ZX Spectrum Assembly, Tic-Tac-Toe – 0x01 Game board
In this chapter of ZX Spectrum Assembly, we begin the development of another game, in this case Tic-Tac-Toe.
Translation by Felipe Monge Corbalán
Table of contents
- Introduction
- Game board
- Sprites
- ROM routines and variables
- Variables
- Screen
- Main
- ZX Spectrum Assembly, Tic-Tac-Toe
- Useful links
Introduction
Tic-tac-toe was born from reading the book «ZX Spectrum Game Programming Club» by Gary Plowman. When we finish typing the Basic list in the book, he suggests adding the single player mode as an exercise.
Having concluded that Basic was not my thing, I decided to develop the game from scratch in Assembly, with the following options:
- One and two player modes.
- Possibility to specify the names of the players.
- Points to be earned to finish the game.
- Maximum time per move.
In Space Battle we saw the use of the ROM routine for keyboard handling, but it is in Tic Tac Toe where it is used most intensively.
We will also use interrupts to control the maximum time per move and give the user a countdown of the seconds left to move; he will lose his turn if he uses them up without having made the move.
At this point you should already have a certain level, so we will not explain the instructions one by one; we will explain what the routine does as a whole, which together with the comments should be sufficient for your understanding.
Game board
The first thing we are going to do is to design and paint the game board, which consists of a grid of nine cells.
We create the folder TicTacToe and the files:
- Main.asm
- Rom.asm
- Screen.asm
- Sprite.asm
- Var.asm
This time I won’t create folders for each step, but if you prefer you can continue this way.
Sprites
We define the graphics in sprite.asm: the X for player one, the O for player two, the board crosshairs and the vertical and horizontal lines.
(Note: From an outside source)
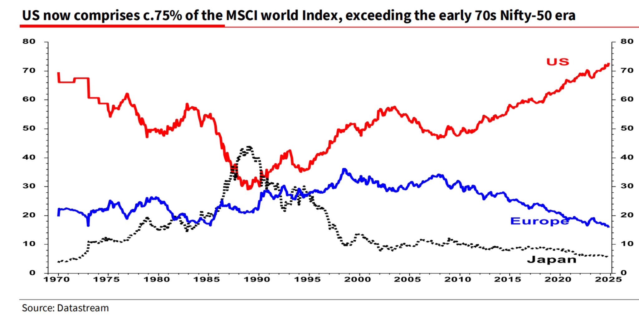 Sebbene questa visione sia condivisa da molti investitori, i veterani del mercato, con una prospettiva storica più ampia, ricordano un precedente significativo. Alla fine degli anni '80, il Giappone costituiva circa il 50% dell'indice mondiale, dominato da un settore bancario ed economico che sembrava inarrestabile.
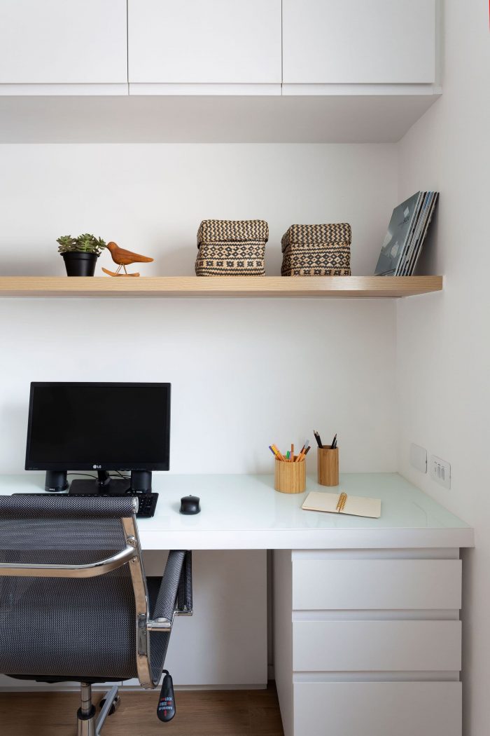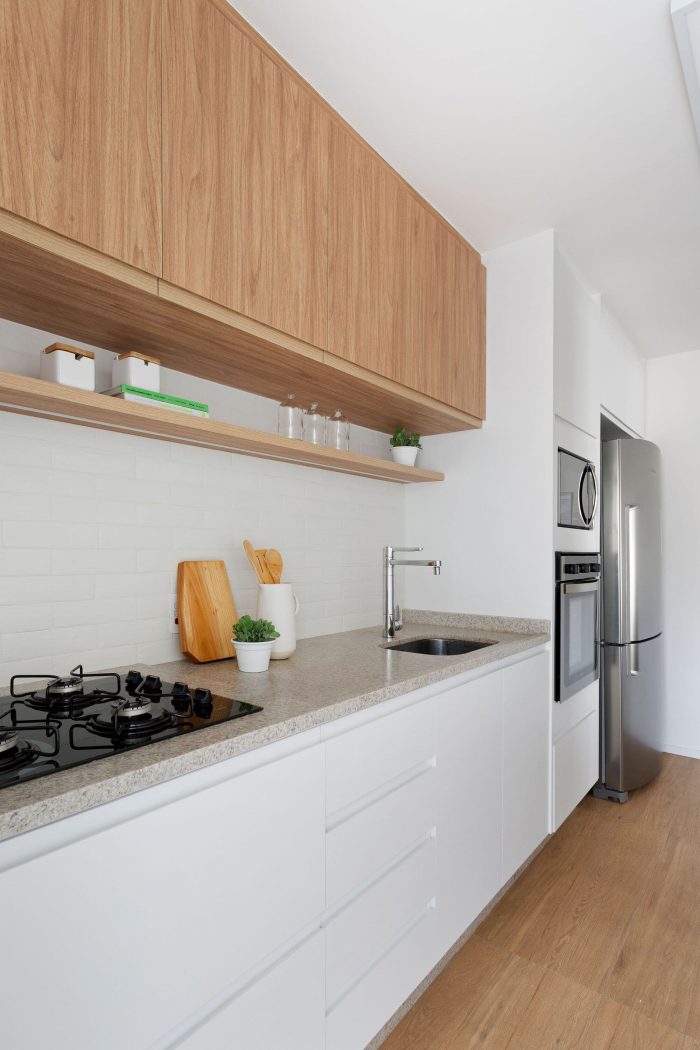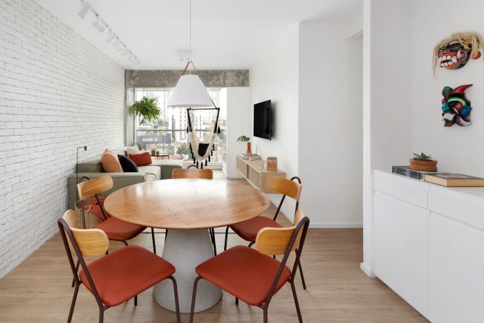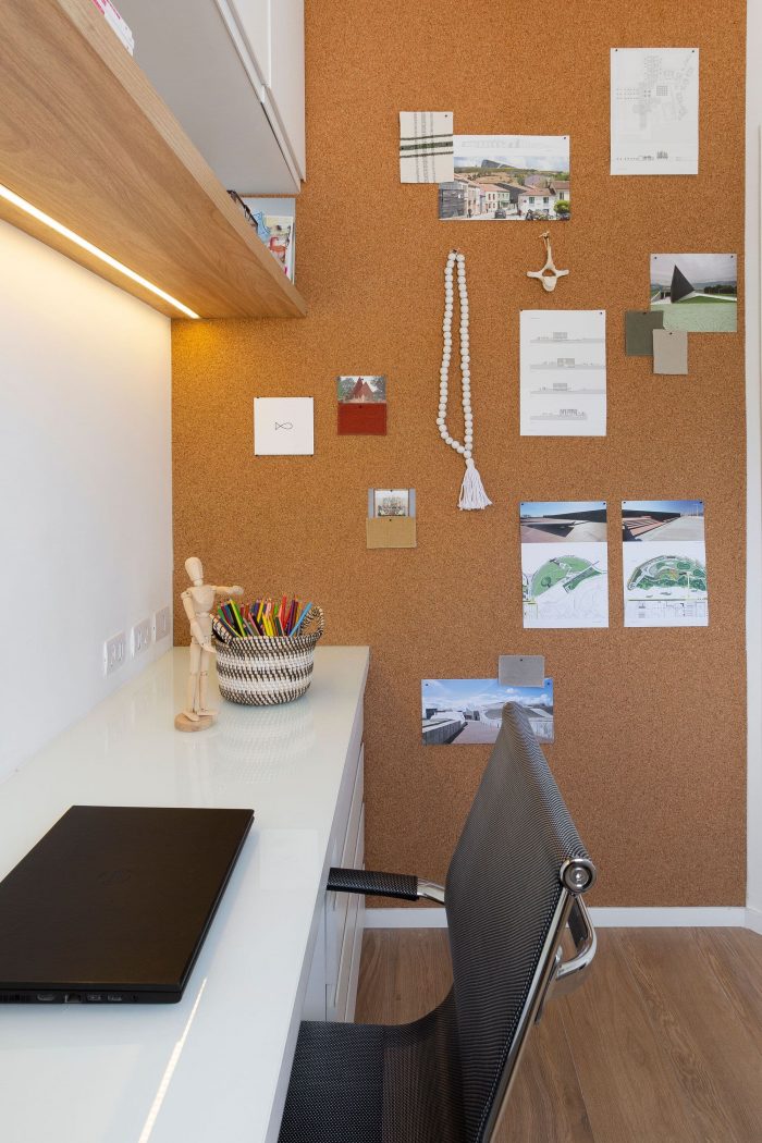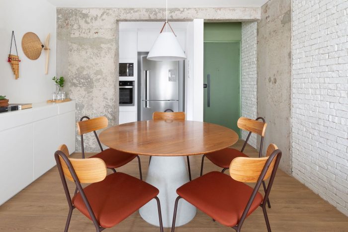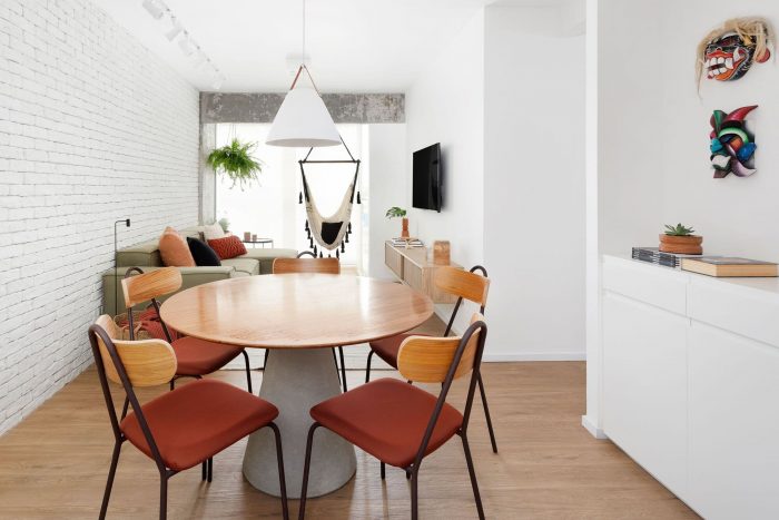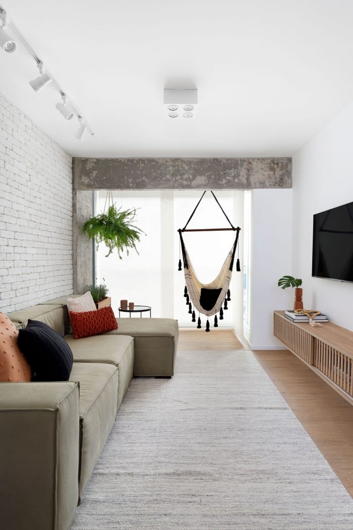 Na decoração, encontram-se inspirações boho, rústica e contemporânea, com demarcações nas cores branco, verde, ferrugem e terracota. Entre os materiais, madeira, concreto e tijolinho complementam o conceito – além do uso de linhas retas. O design da marcenaria ganhou seu protagonismo e formulou recursos para setorizar, organizar e obter um melhor aproveitamento dos espaços.

As in Space Battle, we will use the UDGs.
The appearance of the graphics in sprite.asm is as follows:
; -------------------------------------------------------------------
; File: sprite.asm
;
; Definition of graphs.
; -------------------------------------------------------------------
; Sprite player 1
Sprite_P1:
db $c0, $e0, $70, $38, $1c, $0e, $07, $03 ; $90
db $03, $07, $0e, $1c, $38, $70, $e0, $c0 ; $91
; Sprite player 2
Sprite_P2:
db $03, $0f, $1c, $30, $60, $60, $c0, $c0 ; $92 Top/Left
db $c0, $f0, $38, $0c, $06, $06, $03, $03 ; $93 Up/right
db $c0, $c0, $60, $60, $30, $1c, $0f, $03 ; $94 Down/Left
db $03, $03, $06, $06, $0c, $38, $f0, $c0 ; $95 Down/Right
; Sprite crosshead
Sprite_CROSS:
db $18, $18, $18, $ff, $ff, $18, $18, $18 ; $96
; Sprite vertical line
Sprite_SLASH:
db $18, $18, $18, $18, $18, $18, $18, $18 ; $97
; Sprite horizontal line
Sprite_MINUS:
db $00, $00, $00, $ff, $ff, $00, $00, $00 ; $98
With the practice you got in Space Battle, you should be able to draw the sprites on paper to see how they look.
The next step is to draw the board. Constants are needed to reference the ROM, define positions, data to be painted and routines to paint it.
ROM routines and variables
The ROM constants are defined in rom.asm.
; -------------------------------------------------------------------
; File: rom.asm
;
; ROM routines and system variables.
; -------------------------------------------------------------------
; Permanent attributes of screen 2, main screen.
ATTR_S: equ $5c8d
; Current display attributes 2.
ATTR_T: equ $5c8f
; Edge attribute and screen 1. Used by BEEPER.
BORDCR: equ $5c48
; Address of starting coordinates X and Y (PLOT)
COORDX: equ $5c7d
COORDY: equ $5c7e
;--------------------------------------------------------------------
; Address where the keypad status flags are located when
; the interruptions are not active.
;
; Bit 3 = 1 input in L mode, 0 input in K mode.
; Bit 5 = 1 a key has been pressed, 0 has not been pressed.
; Bit 6 = 1 numeric character, 0 alphanumeric.
;--------------------------------------------------------------------
FLAGS_KEY: equ $5c3b
;--------------------------------------------------------------------
; Address where the last key was pressed
; when interrupts are not active.
;--------------------------------------------------------------------
LAST_KEY: equ $5c08
; Direction of user-defined graphics.
UDG: equ $5c7b
; Start address of the graphics area of the VideoRAM.
VIDEORAM: equ $4000
; Length of the graphics area of the VideoRAM.
VIDEORAM_L: equ $1800
; Start address of the VideoRAM attributes area.
VIDEOATT: equ $5800
; Length of the VideoRAM attribute area.
VIDEOATT_L: equ $0300
;--------------------------------------------------------------------
; ROM beeper routine.
;
; Input: HL -> Note.
; DE -> Duration.
;
; Alters the value of the AF, BC, DE, HL and IX registers.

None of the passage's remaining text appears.